Tuesday 18 March 2014

Democratise companies to rein in excessive banker bonuses


Prem Sikka

In times of austerity, one of few things that seems to be booming is the trade in wheelbarrows. At least, company directors at major corporations will need them to collect vast amounts of remuneration they continue to award themselves, with the help of ineffective remuneration committees.

The financial dealers on Wall Street have collected about US$26.7 billion in bonus payments, the equivalent of a year’s pay for the 1.1m workers on the minimum wage. The UK is not far behind. Bonuses in the City of London have increased by 49% compared to 2012, a higher figure than for Wall Street.

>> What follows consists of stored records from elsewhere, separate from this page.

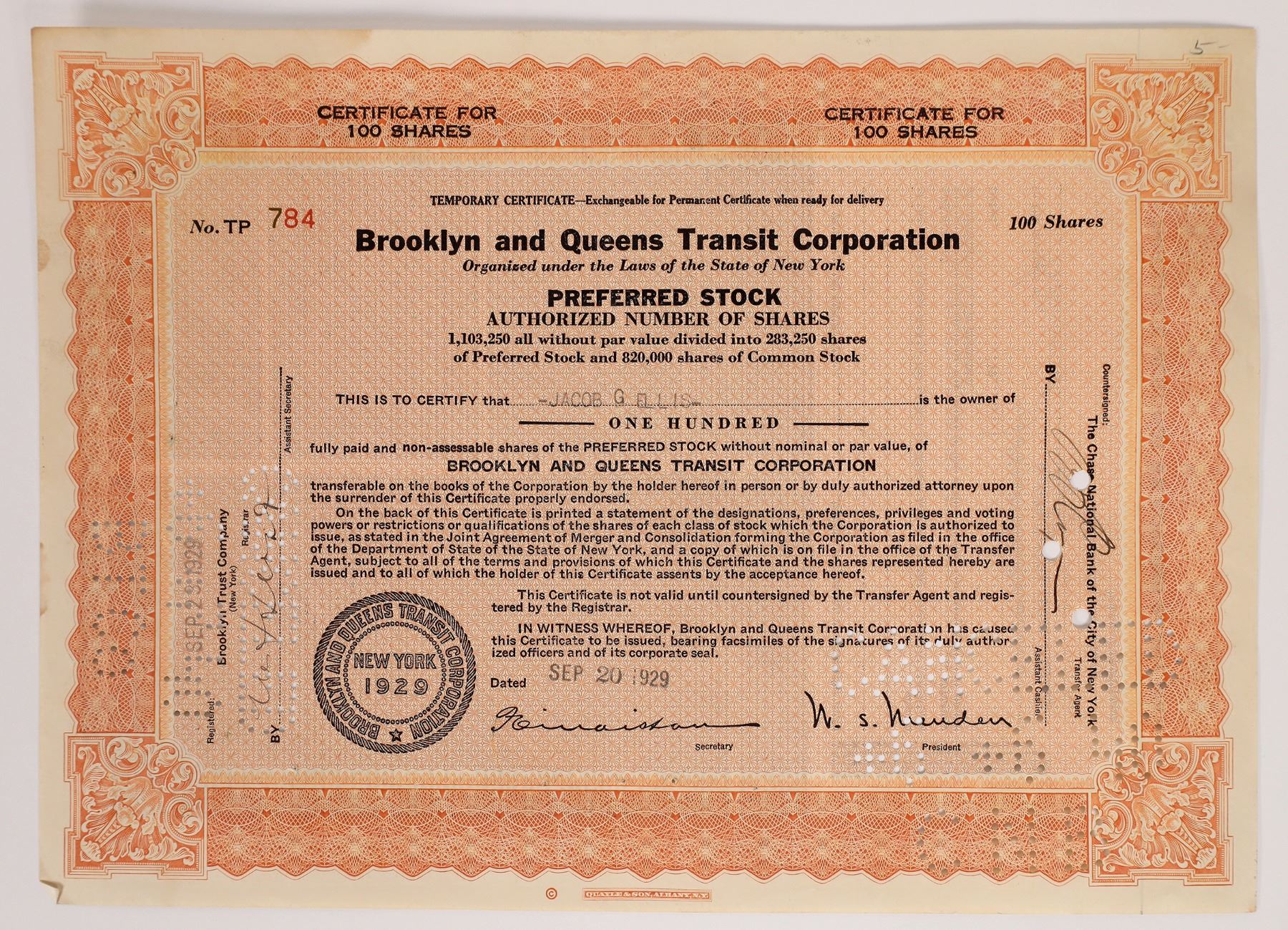 I/C 1929 Brooklyn and Queens Transit stock. New York Ken Prag Collection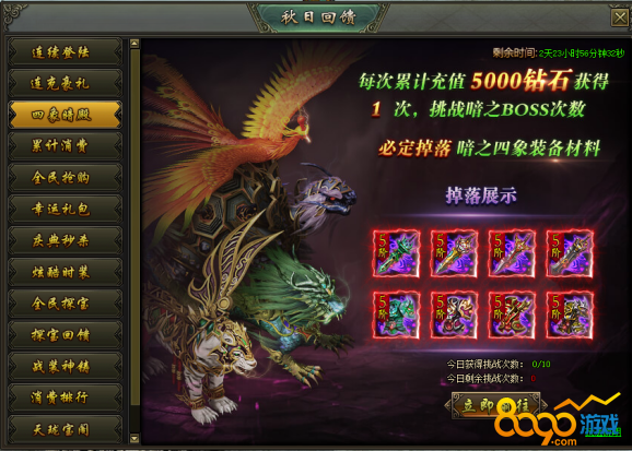 活动说明:活动期间每累计充值5000钻石即可获得1次四象暗殿挑战次数,必定掉落暗之四象装备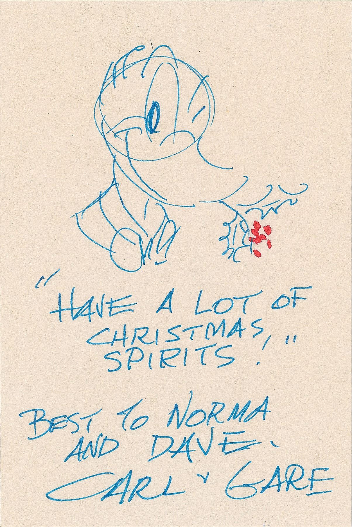 Original felt tip sketch of Donald Duck with mistletoe in his beak accomplished by Barks on an off-white 4 x 6 sheet, signed and inscribed below, "'Have a lot of Christmas spirits!' Best to Norma and Dave, Carl & Gare." In fine condition. Accompanied by an autograph letter signed by his wife, Gare Barks, extensively discussing the history and sale of prints of Barks's artwork, with its original mailing envelope.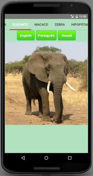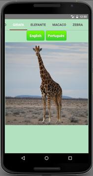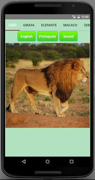 Application with images and sounds of wild animals, to teach children in English and Portuguese (Brazil), the names of wild animals.

The chief executive of the crisis-ridden Cooperative Bank, Euan Sutherland, was to receive a remuneration package of £3.5 million, but has since resigned. The state-owned Royal Bank of Scotland declared a loss of about £8 billion, but has given 11 directors a bonus package worth about £18.25m between them. At Barclays and Lloyds Bank, the chief executives could be collecting more than £7m each. Of course, wheelbarrows come in handy at other corporate boardrooms too. Despite the costs arising from the Deepwater Horizon disaster, the pay packet of the BP chief executive has tripled to US$8.7m (£5.2m).

The corporate boardrooms are addicted to bonuses, but are the bonuses justified? The claims for bonuses and excessive rewards presuppose that executives exert superhuman efforts to generate wealth. The anatomy of corporate decisions does not really support that. When a new executive arrives at an organisation, for some time s/he is likely to be managing and living off products, services and strategies already in place. So the claims of distinctive contribution are hard to sustain.

Now suppose an executive decides to launch a new product or a project; this will always take some time to develop, plan and launch. The same applies if the mission is to rescue an ailing business. The success or failure of the new projects will not be known for many months or years. Meanwhile, the company will probably incur upfront costs, with no guarantee that the outlays will be recouped. Even after the initial celebrations, the product/service may turn out to be a failure and become a costly burden, as evidenced by payment protection insurance and other financial scandals.

Even if new ventures are successful, the success will depend on the involvement of other employees. It is hard to relate the success of anything to the efforts of few superstar executives. If the success cannot easily be related to the input of one person then the idea of performance-related pay becomes highly problematic. This suggests that higher rewards are claimed simply because some individuals or groups have sufficient power and control to give themselves disproportionate rewards.

So the question then is how to control the institutionalised fat-cattery. The UK government’s preferred solution is to empower shareholders by giving them a binding vote on executive remuneration. Such a step assumes that shareholders are owners of companies and bear most of the risks, and will somehow act in the interests of broader society. The evidence for this is not persuasive.

Shareholders in UK banks have average shareholding duration of about three months. Their position is no different from that of a speculator or a trader seeking short-term gains. They don’t have strong incentives to constrain directors. The UK Parliamentary Commission on Banking Standards looked at the operations of HBOS and concluded that shareholders did not exert “the effective pressure that might have acted as a constraint upon the flawed strategy of the bank”.

The commission also noted that “shareholders failed to control risk-taking in banks, and indeed were criticising some for excessive conservatism”. Shareholders often profit from harmful practices without any personal responsibility. A company can be mandated to sell harmful products, for example, cigarettes. Shareholders can share the resulting profits, but are not personally liable for because they are shielded by the doctrine of limited liability. Thus shareholder irresponsibility is written into the system and they don’t have strong incentives to consider the social good.

Besides, shareholders don’t provide most of the risk capital either. At major UK banks, shareholders only provide between 4.22% and 7.24% of total capital. The rest is provided by savers and creditors. Therefore, it is hard to make a good case for shareholder supremacy.

The proper approach is to empower the public. In the case of banks; employees, savers and borrowers are a good proxy for the public at large. They should appoint directors and vote on their remuneration. Elsewhere, employees, consumers and suppliers could be mobilised to invigilate directors as they all have a long-term interest in the welfare of the company. In a democratised company, directors are unlikely to get high remuneration without paying attention to the interests of employees and other stakeholders.